Tegen deze uitspraak heeft de vreemdeling, vertegenwoordigd door mr. M Timmer, advocaat te Den Haag, hoger beroep ingesteld.
Op verzoek van de Afdeling heeft de rechtbank een nader stuk ingediend.
Vervolgens is het onderzoek gesloten.
Overwegingen
1. De in het hogerberoepschrift opgeworpen rechtsvraag over de rechtmatigheid van de vrijheidsontnemende maatregel krachtens artikel 6, zesde lid, van de Vreemdelingenwet 2000 in het licht van het arrest van het Hof van Justitie van 19 juni 2018, Gnandi, ECLI:EU:C:2018:465, en de beschikking van 5 juli 2018, C., J. en S., ECLI:EU:C:2018:544, heeft de Afdeling reeds bij uitspraak van 5 juni 2019, ECLI:NL:RVS:2019:1710, beantwoord. Hieruit volgt dat het hoger beroep kennelijk gegrond is. De uitspraak van de rechtbank wordt vernietigd. Doende wat de rechtbank zou behoren te doen, zal de Afdeling het beroep van de vreemdeling tegen het besluit van 21 december 2018 alsnog gegrond verklaren. Omdat de vrijheidsontnemende maatregel al is opgeheven, is een bevel tot opheffing niet nodig. De vreemdeling heeft wel recht op schadevergoeding. Deze vergoeding wordt daarom aan de vreemdeling toegekend. De staatssecretaris moet de proceskosten vergoeden.
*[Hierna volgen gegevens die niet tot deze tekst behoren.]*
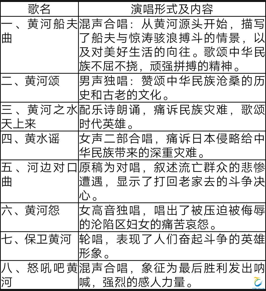 《黄河大合唱》是一部大型声乐套曲,诞生于抗日战争时期,光未然作词,冼星海作曲。共八个乐章,表现了中国人民的苦难与顽强斗争,也表现了我们民族的伟大精神和不可战胜的力量。它以我们民族的发源地——黄河为背景,展示了黄河岸边曾经发生过的事情,以激励人民起来反抗外来的侵略,保卫黄河、保卫华北、保卫全中国。作品气势宏伟磅礴,音调清新、朴实优美,具有鲜明的民族风格,强烈反映了时代精神。《黄河大合唱》在我国近代音乐史上具有重大的意义,对后来的大合唱及其他体裁的音乐创作都产生了巨大而深远的影响。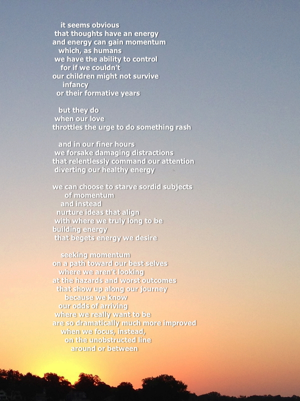 It’s a Saturday morning, and Cyndie and I are thinking, occasionally out loud, together.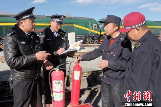 圖為拉薩鐵路公安處民警對站區(qū)重點(diǎn)部位開展消防安全大檢查。 湯成俊 攝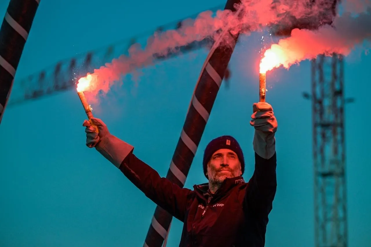 photo  fabrice amadeo lors de son arrivée à la 32e place du vendée globe aux sables-d’olonne, le 4 mars 2025.  ©  olivier blanchet / alea 3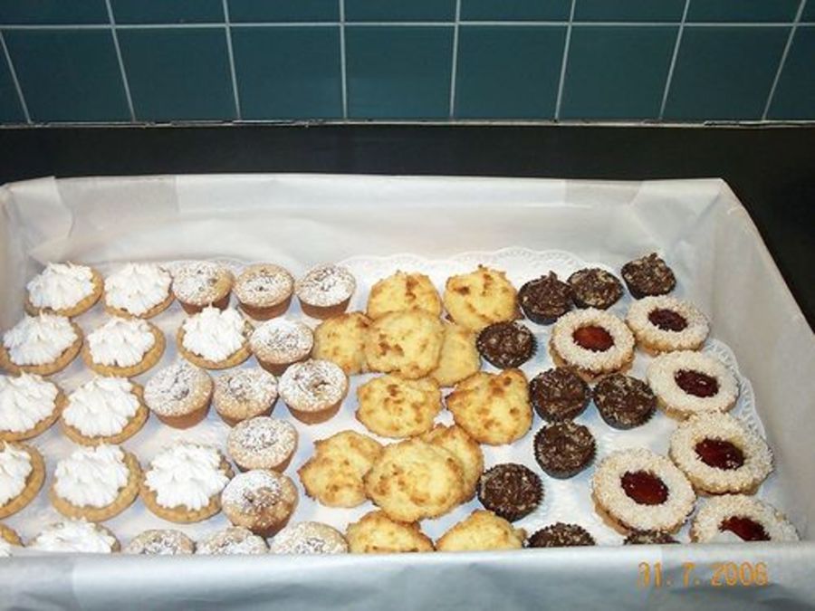 mini lemon meringue tarts, pecan pies, coconut macaroons,hazelnut/choc cups & jam biscuits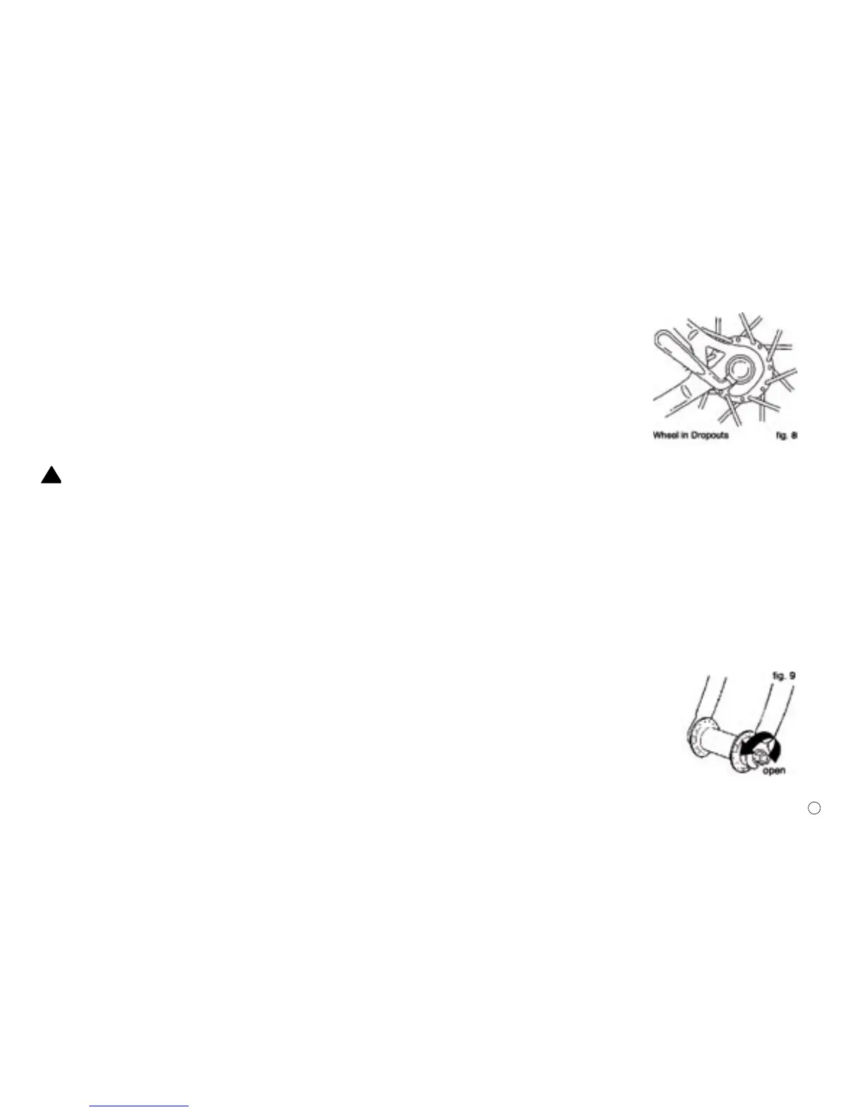 (3) Move the quick-release lever to the OPEN position (see fig. 6). The lever should be on the side of the wheel opposite

Beslissing
De Afdeling bestuursrechtspraak van de Raad van State:
I. verklaart het hoger beroep gegrond;
II. vernietigt de uitspraak van de rechtbank Den Haag van 3 januari 2019 in zaak nr. NL18.24868;
III. verklaart het door de vreemdeling bij de rechtbank in die zaak ingestelde beroep gegrond;
IV. kent aan de vreemdeling een vergoeding toe van € 3.920,00 (zegge: drieduizend negenhonderdtwintig euro), ten laste van de Staat der Nederlanden, over de periode van 21 december 2018 tot en met 7 februari 2019, te betalen door de griffier van de Raad van State;
V. veroordeelt de staatssecretaris van Justitie en Veiligheid tot vergoeding van bij de vreemdeling in verband met de behandeling van het beroep en het hoger beroep opgekomen proceskosten tot een bedrag van € 1.536,00 (zegge: vijftienhonderdzesendertig euro), geheel toe te rekenen aan door een derde beroepsmatig verleende rechtsbijstand.
Aldus vastgesteld door mr. N. Verheij, lid van de enkelvoudige kamer, in tegenwoordigheid van mr. M.T. Annen, griffier.
w.g. Verheij w.g. Annen
lid van de enkelvoudige kamer griffier
Uitgesproken in het openbaar op 26 juni 2019
765.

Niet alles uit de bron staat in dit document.